Trust me, this isn't about me overreacting to one game, getting carried away after the second one of an 82-game second. Obviously, no one expects them to play like this every night; this is probably still a 43-39 team that'll lose to this very same Phoenix team in the first round again this spring. I would love to think this was a young team that is finally starting to grow up, that this was a preview of what is to come this season, that Kobe will be smiling and clapping for his teammates on the bench because Bynum is punking guys around the basket, because Radman is shooting it like they pay him to, and because Sasha has become an offensive threat, and he doesn't have to score 40 for them to have a chance, but it's unlikely.
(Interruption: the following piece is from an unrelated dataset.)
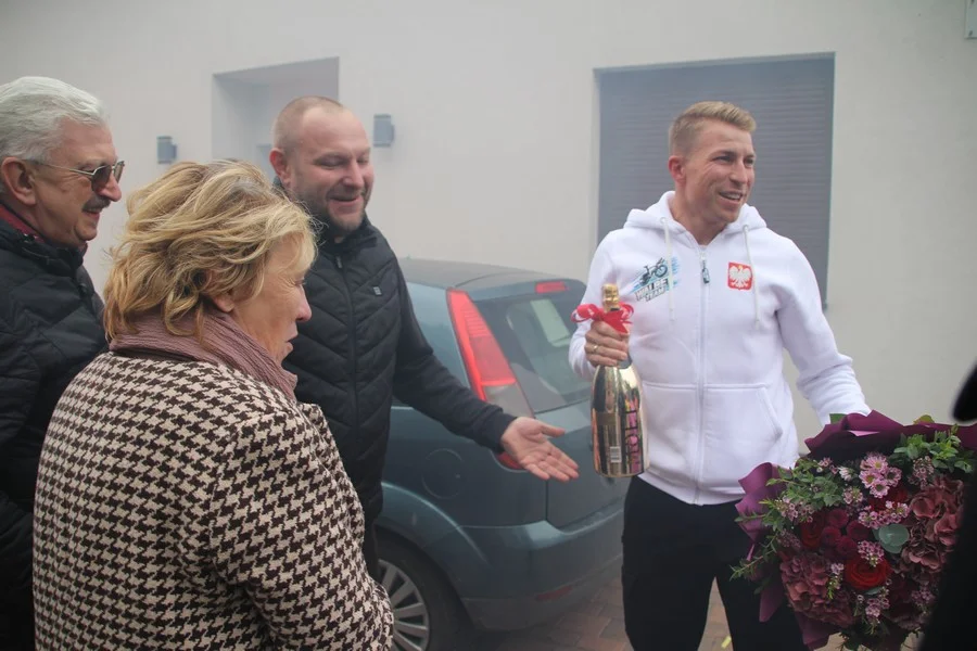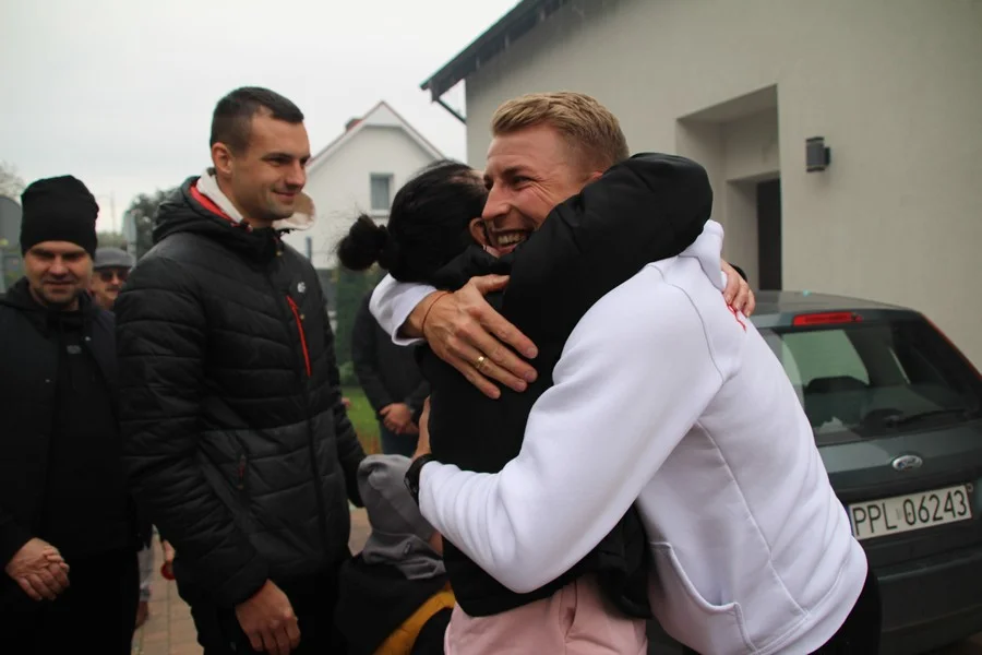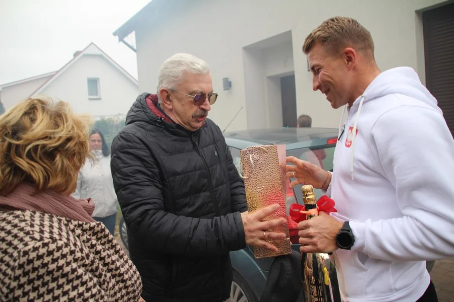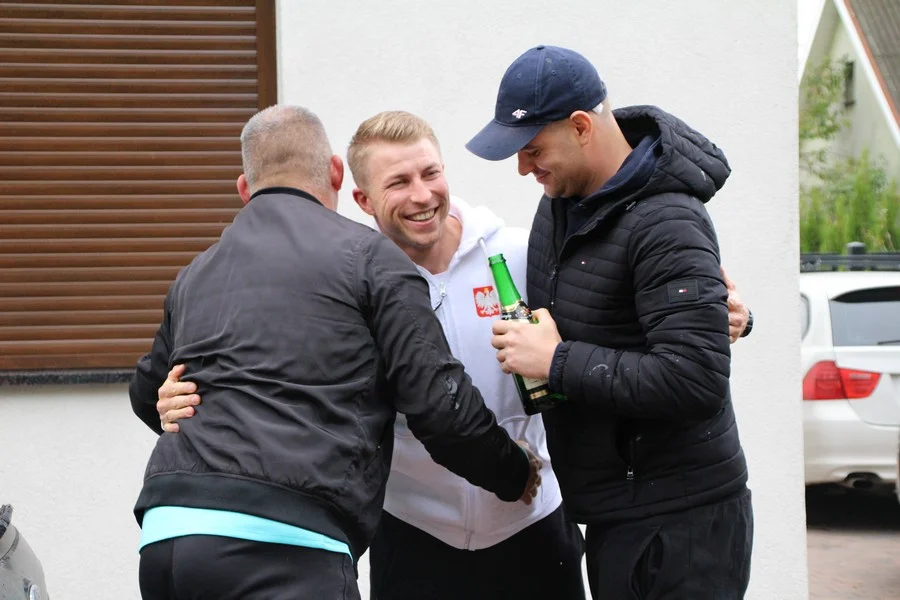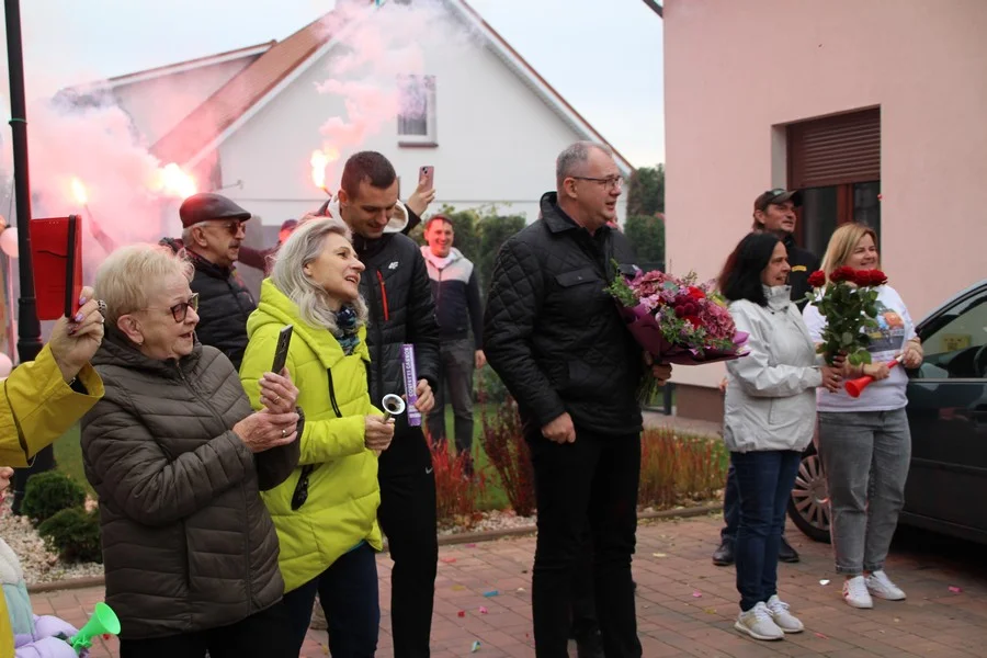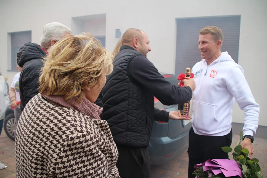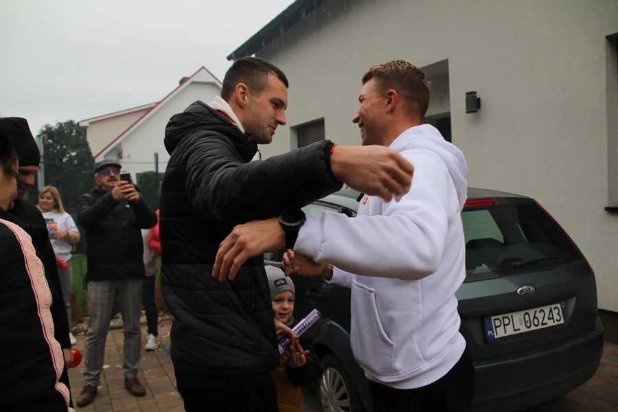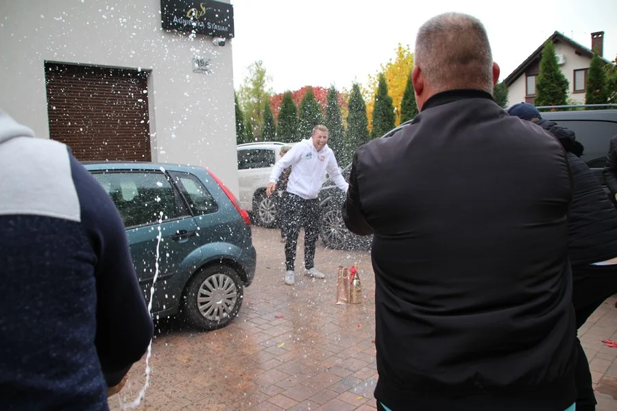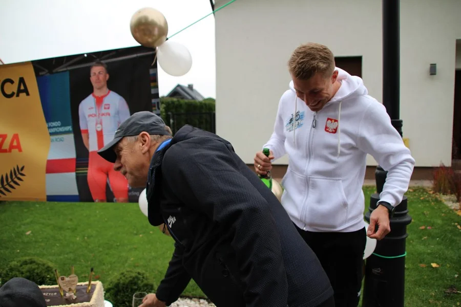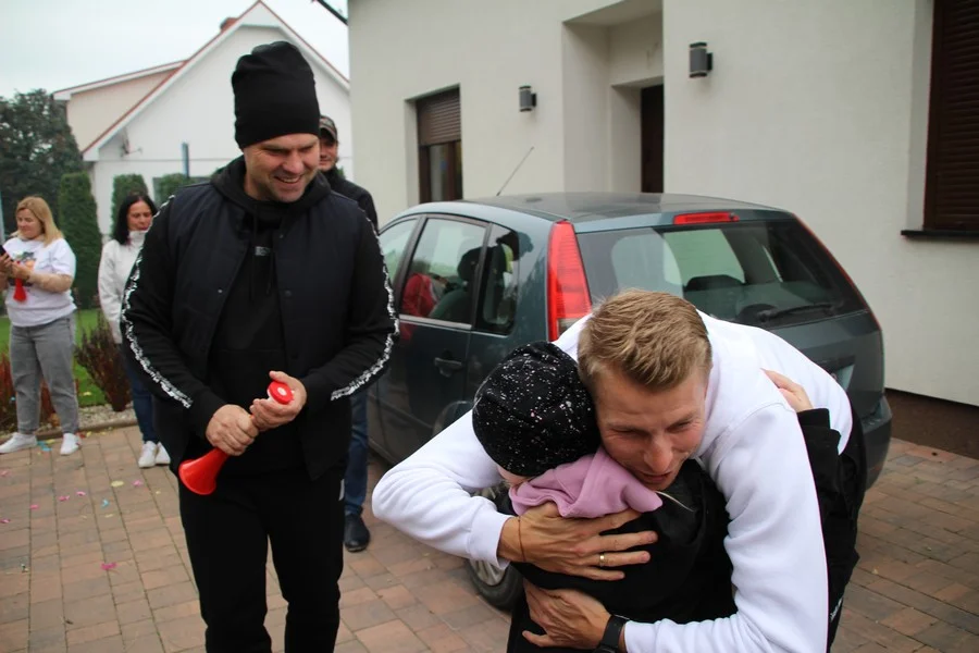 Zaskoczenie było totalne – sportowca powitały transparenty, głośne okrzyki, tort i gromkie "Sto lat"!
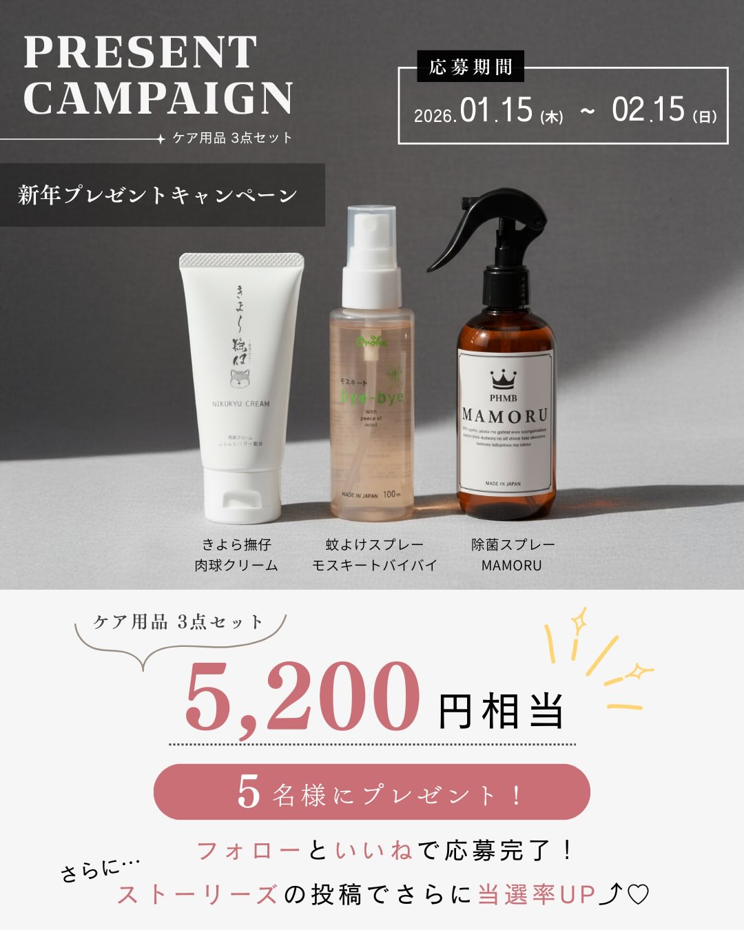 賞品:ケア用品3点セット(5名様)

I'm just excited that after last night's performance, there is some semblance of hope, hope that, to flip one of Barkley's favorite sayings, the light at the end of the tunnel isn't a train. Not only that, but in a time in Lakerdom when it seems like everything is going bad and a new era is about to begin, last night reminded me of when it seemed like the good times would never end: With the Lakers rolling over a Western Conference rival and Kobe and D-Fish playing together flawlessly in the backcourt, it felt like the 2001 playoffs all over again. Hell, Phil even capitalized on the oppurtunity to be an asshole and piss off the opposing coach, calling a timeout with less than five minutes to go and his team up by 30 (a classic Phil moment that made D'Antoni wanna kick his ass). *Refreshing sigh* Just like the good ol' days.